▶ Records supplied
%%
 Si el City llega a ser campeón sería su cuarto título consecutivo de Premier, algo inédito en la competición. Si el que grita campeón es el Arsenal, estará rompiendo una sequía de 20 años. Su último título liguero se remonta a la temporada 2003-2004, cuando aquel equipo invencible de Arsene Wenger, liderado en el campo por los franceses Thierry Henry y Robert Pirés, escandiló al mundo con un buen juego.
%%
%%
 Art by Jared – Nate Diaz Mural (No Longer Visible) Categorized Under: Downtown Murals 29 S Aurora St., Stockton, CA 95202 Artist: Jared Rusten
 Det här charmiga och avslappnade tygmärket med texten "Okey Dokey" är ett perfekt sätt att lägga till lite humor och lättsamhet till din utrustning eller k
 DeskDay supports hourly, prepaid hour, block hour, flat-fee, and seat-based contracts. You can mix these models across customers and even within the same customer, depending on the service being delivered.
%%
▶ What is being asked
Everything above from the line containing "Art by Jared" down to the line containing "Det här charmiga" should be copied exactly, both end lines included, and nothing else.

▶ Output of the exercise
 Art by Jared – Nate Diaz Mural (No Longer Visible) Categorized Under: Downtown Murals 29 S Aurora St., Stockton, CA 95202 Artist: Jared Rusten
 Det här charmiga och avslappnade tygmärket med texten "Okey Dokey" är ett perfekt sätt att lägga till lite humor och lättsamhet till din utrustning eller k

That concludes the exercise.